Information provided START

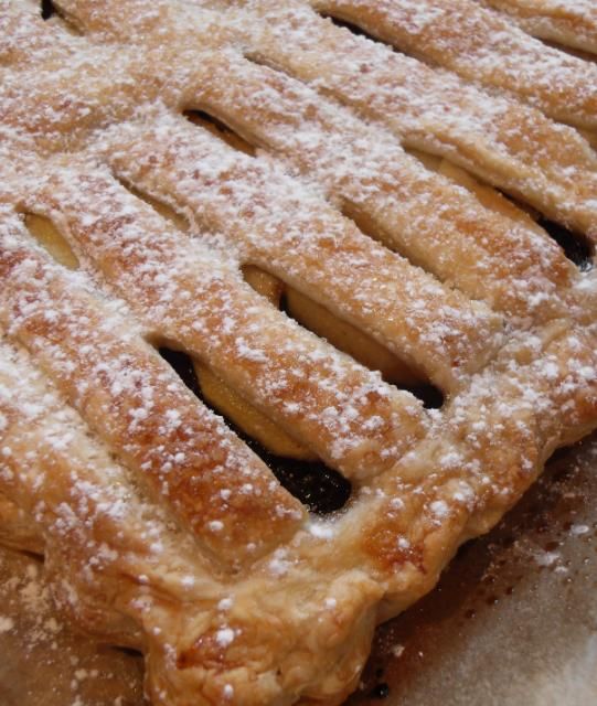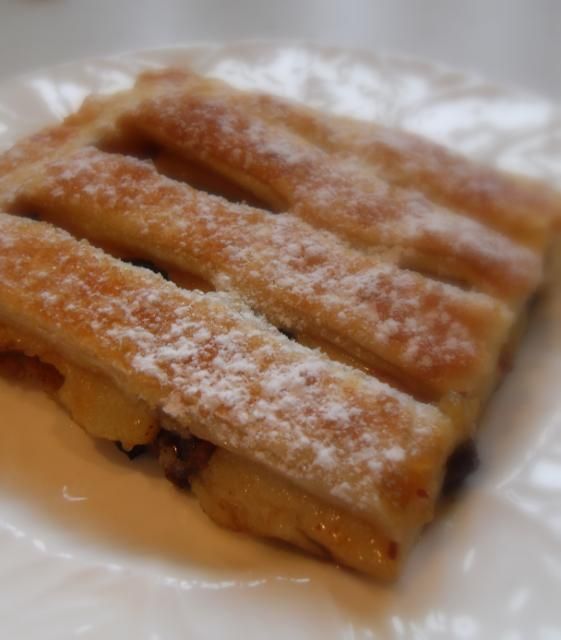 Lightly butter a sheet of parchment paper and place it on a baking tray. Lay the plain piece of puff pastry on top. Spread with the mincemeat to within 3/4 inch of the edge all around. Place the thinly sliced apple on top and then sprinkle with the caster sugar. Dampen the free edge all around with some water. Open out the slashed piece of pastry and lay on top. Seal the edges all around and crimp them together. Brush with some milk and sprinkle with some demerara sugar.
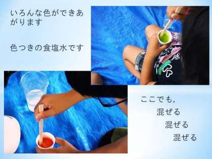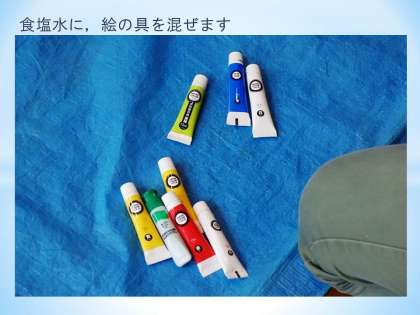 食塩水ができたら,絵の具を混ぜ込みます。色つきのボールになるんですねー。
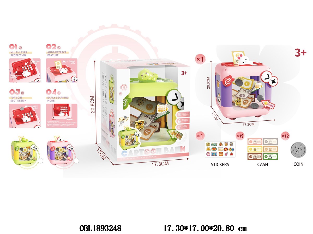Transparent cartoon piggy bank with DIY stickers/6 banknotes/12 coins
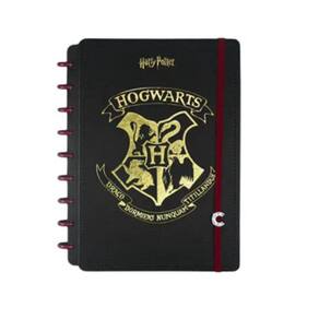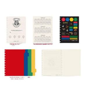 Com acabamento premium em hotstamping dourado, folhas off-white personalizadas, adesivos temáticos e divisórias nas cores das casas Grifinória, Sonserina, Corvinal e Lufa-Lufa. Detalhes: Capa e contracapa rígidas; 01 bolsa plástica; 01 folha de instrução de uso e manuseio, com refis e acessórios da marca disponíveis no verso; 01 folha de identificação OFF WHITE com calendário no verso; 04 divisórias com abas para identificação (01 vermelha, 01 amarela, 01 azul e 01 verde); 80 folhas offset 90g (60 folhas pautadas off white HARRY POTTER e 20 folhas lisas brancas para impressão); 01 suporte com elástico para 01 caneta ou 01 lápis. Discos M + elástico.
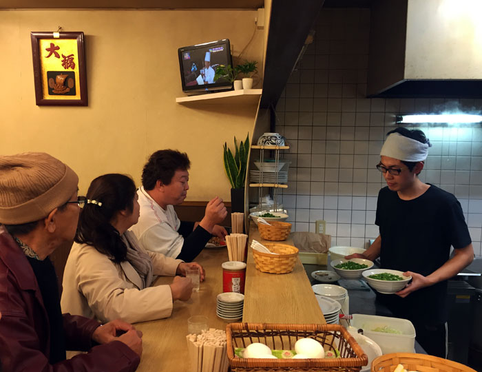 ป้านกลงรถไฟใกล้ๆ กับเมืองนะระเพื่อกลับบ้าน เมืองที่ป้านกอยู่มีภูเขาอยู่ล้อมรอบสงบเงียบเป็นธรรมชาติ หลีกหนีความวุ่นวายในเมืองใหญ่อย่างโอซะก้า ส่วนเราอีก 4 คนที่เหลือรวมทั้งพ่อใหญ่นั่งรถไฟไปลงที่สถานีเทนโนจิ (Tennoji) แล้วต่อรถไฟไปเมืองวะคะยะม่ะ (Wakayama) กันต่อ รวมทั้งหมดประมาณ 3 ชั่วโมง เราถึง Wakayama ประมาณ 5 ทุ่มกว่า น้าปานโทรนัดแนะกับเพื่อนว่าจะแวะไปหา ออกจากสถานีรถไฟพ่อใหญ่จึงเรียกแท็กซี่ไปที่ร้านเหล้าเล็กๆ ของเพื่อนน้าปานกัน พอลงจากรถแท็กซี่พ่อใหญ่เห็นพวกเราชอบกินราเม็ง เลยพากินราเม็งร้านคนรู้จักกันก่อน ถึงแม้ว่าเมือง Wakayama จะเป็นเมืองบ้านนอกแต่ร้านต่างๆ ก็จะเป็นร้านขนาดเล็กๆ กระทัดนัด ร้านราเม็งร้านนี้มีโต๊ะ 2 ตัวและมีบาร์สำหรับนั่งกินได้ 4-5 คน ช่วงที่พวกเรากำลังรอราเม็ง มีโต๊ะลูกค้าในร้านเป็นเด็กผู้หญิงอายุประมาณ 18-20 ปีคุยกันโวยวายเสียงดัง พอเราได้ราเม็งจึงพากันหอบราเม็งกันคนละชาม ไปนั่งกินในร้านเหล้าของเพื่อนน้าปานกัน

Information provided END

▸ **Assignment**: With the pictures removed, return the listing above in its exact original wording.

▸ **Answer to this task**:
 Lightly butter a sheet of parchment paper and place it on a baking tray. Lay the plain piece of puff pastry on top. Spread with the mincemeat to within 3/4 inch of the edge all around. Place the thinly sliced apple on top and then sprinkle with the caster sugar. Dampen the free edge all around with some water. Open out the slashed piece of pastry and lay on top. Seal the edges all around and crimp them together. Brush with some milk and sprinkle with some demerara sugar.
 食塩水ができたら,絵の具を混ぜ込みます。色つきのボールになるんですねー。
Transparent cartoon piggy bank with DIY stickers/6 banknotes/12 coins
 Com acabamento premium em hotstamping dourado, folhas off-white personalizadas, adesivos temáticos e divisórias nas cores das casas Grifinória, Sonserina, Corvinal e Lufa-Lufa. Detalhes: Capa e contracapa rígidas; 01 bolsa plástica; 01 folha de instrução de uso e manuseio, com refis e acessórios da marca disponíveis no verso; 01 folha de identificação OFF WHITE com calendário no verso; 04 divisórias com abas para identificação (01 vermelha, 01 amarela, 01 azul e 01 verde); 80 folhas offset 90g (60 folhas pautadas off white HARRY POTTER e 20 folhas lisas brancas para impressão); 01 suporte com elástico para 01 caneta ou 01 lápis. Discos M + elástico.
 ป้านกลงรถไฟใกล้ๆ กับเมืองนะระเพื่อกลับบ้าน เมืองที่ป้านกอยู่มีภูเขาอยู่ล้อมรอบสงบเงียบเป็นธรรมชาติ หลีกหนีความวุ่นวายในเมืองใหญ่อย่างโอซะก้า ส่วนเราอีก 4 คนที่เหลือรวมทั้งพ่อใหญ่นั่งรถไฟไปลงที่สถานีเทนโนจิ (Tennoji) แล้วต่อรถไฟไปเมืองวะคะยะม่ะ (Wakayama) กันต่อ รวมทั้งหมดประมาณ 3 ชั่วโมง เราถึง Wakayama ประมาณ 5 ทุ่มกว่า น้าปานโทรนัดแนะกับเพื่อนว่าจะแวะไปหา ออกจากสถานีรถไฟพ่อใหญ่จึงเรียกแท็กซี่ไปที่ร้านเหล้าเล็กๆ ของเพื่อนน้าปานกัน พอลงจากรถแท็กซี่พ่อใหญ่เห็นพวกเราชอบกินราเม็ง เลยพากินราเม็งร้านคนรู้จักกันก่อน ถึงแม้ว่าเมือง Wakayama จะเป็นเมืองบ้านนอกแต่ร้านต่างๆ ก็จะเป็นร้านขนาดเล็กๆ กระทัดนัด ร้านราเม็งร้านนี้มีโต๊ะ 2 ตัวและมีบาร์สำหรับนั่งกินได้ 4-5 คน ช่วงที่พวกเรากำลังรอราเม็ง มีโต๊ะลูกค้าในร้านเป็นเด็กผู้หญิงอายุประมาณ 18-20 ปีคุยกันโวยวายเสียงดัง พอเราได้ราเม็งจึงพากันหอบราเม็งกันคนละชาม ไปนั่งกินในร้านเหล้าของเพื่อนน้าปานกัน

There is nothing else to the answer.